In general, the Optimizer can use an aggregate join index to process a query if the following are true of the index.

• It satisfies the join index coverage rules.
• It contains the aggregate expressions specified by the request.
• It contains the column expressions specified in the GROUP BY clause for the request.
• The Optimizer uses the following general rules to decide whether and how an aggregate join index can be used to process a query.

• The aggregate join index has the same joins as the query or it is a broad aggregate join index that covers all the joins in the query.
• The GROUP BY clause of the aggregate join index specifies the same column expressions as the GROUP BY clause of the request.
• For this case, aggregate expressions in the query are mapped to the corresponding aggregate columns in the aggregate join index and the request is rewritten to a simple retrieve from the index as in the following example.

`     CREATE TABLE t1 (`
`       a1 INTEGER, `
`       b1 INTEGER, `
`       c1 INTEGER, `
`       d1 INTEGER);`
` `
`     CREATE TABLE t2 (`
`       a2 INTEGER, `
`       b2 INTEGER, `
`       c2 INTEGER, `
`       d2 INTEGER);`
` `
`     CREATE JOIN INDEX aji AS `
`       SELECT a1, b1, MIN(c1) AS m `
`       FROM t1`
`       GROUP BY a1, b1;`
` `
`     SELECT a1, MIN(c1)+b1 `
`     FROM t1 `
`     GROUP BY a1, b1;`

is rewritten to

`     SELECT a1, m+b1 `
`     FROM aji;`
• The GROUP BY clause of the aggregate join index specifies more column expressions than the GROUP BY clause of the request.
• For this case, the Optimizer rewrites the request to aggregate on the aggregate join index.
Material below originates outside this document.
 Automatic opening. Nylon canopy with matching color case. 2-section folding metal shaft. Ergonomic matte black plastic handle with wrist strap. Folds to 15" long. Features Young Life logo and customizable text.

For example, using the same table definitions as the previous bullet, Teradata Database rewrites the following request as the request that follows.
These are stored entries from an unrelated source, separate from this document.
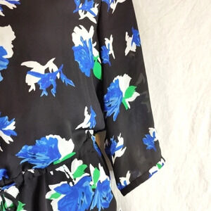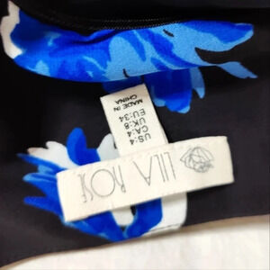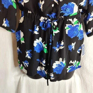 Adorable classy Lila Rose Romper new with tags. Black background on flowy material, drawstring waist, 3/4 Sleeves, functional little buttons, shorts, blue flowers. OMG so cute.
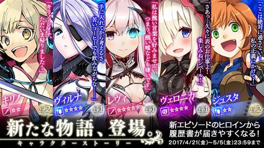 4月21日(金)メンテナンス後から5月5日(金)23:59まで、キャラクターストーリーに新しくエピソードが追加された社員5人からの履歴書が届きやすくなります。
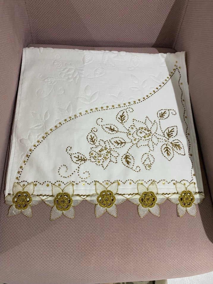 Bu beyaz havlu, zarif çiçek nakışları ve klasik tarzıyla banyo ürünlerinize şıklık katıyor. El yapımı ipne oyası kabartma desenli havluya boncuk işlendi
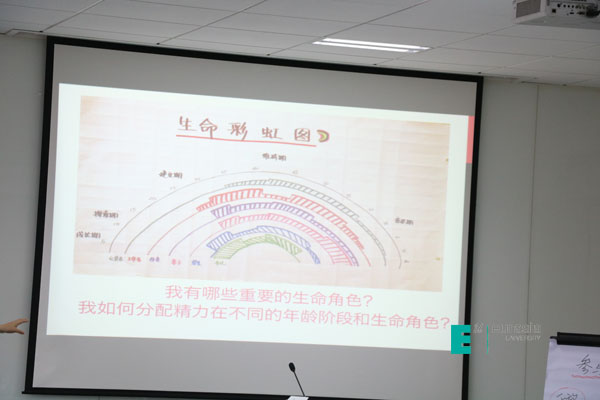 李越老师引入了生命彩虹图,通过让大家规划在不同年龄段应当如何分配精力到各种角色,让学员们明白生涯发展阶段与生命角色彼此间的相互影响,以及在职业生涯的成长期、探索期、建立期、维持期、卸任期等不同阶段处理好生活与工作平衡的关键点。

`     SELECT a1, MIN(c1) `
`     FROM t1 `
`     GROUP BY a1;`
` `
`     SELECT a1, MIN(m) `
`     FROM aji `
`     GROUP BY a1;`
• The aggregate join index has fewer joins than the query and contains the columns needed to join with the remaining tables in the request.
• The GROUP BY clause of the aggregate join index specifies the same column expressions as the GROUP BY clause of the request on the table covered by the index.
• For this case, Teradata Database rewrites the request to aggregate on the aggregate join index. For example, using the same table definitions as were used previously, the Optimizer rewrites the following request as the request that follows it.

`     SELECT a1, b1, MIN(c1) `
`     FROM t1, t2 `
`     WHERE b1=b2 `
`     GROUP BY a1, b1;`
` `
`     SELECT a1, b1, MIN(m) `
`     FROM aji, t2 `
`     WHERE b1=b2 `
`     GROUP BY a1, b1;`
• The GROUP BY clause of the aggregate join index specifies more column expressions than the GROUP BY clause of the request on the table covered by the aggregate join index.
• For this case, Teradata Database rewrites the request to an aggregate join query between the aggregate join index and the remaining table in the original request.

For example, the Optimizer rewrites the following request as the request that follows it.

`     SELECT a1, a2, MIN(c1) `
`     FROM t1,t2 `
`     WHERE b1=b2 `
`     GROUP BY a1,a2;`
` `
`     SELECT a1, a2, MIN(m) `
`     FROM aji, t2 `
`     WHERE b1=b2 `
`     GROUP BY a1, a2;`
• The Optimizer can use an aggregate expression in an aggregate join index to rewrite the aggregate of a CASE expression in a request.
• For example, suppose you define the following aggregate join index aji2.

`     CREATE JOIN INDEX aji2 AS`
`       SELECT a1,b1, MIN(c1) AS m1, MIN(d1) AS m2  `
`       FROM t1 `
`       GROUP BY a1,b1;`

The Optimizer can rewrite the following SELECT request as the request that follows it.

`     SELECT a1,b1, MIN(CASE WHEN a1=b1 `
`                            THEN c1 `
`                            ELSE d1 `
`                       END)`
`     FROM t1 `
`     GROUP BY 1,2;`
` `
`     SELECT a1,b1, CASE WHEN a1=b1 `
`                        THEN m1 `
`                        ELSE m2 `
`                   END `
`     FROM aji2;`

Similarly, the Optimizer can rewrite the following SELECT request as the request that follows it.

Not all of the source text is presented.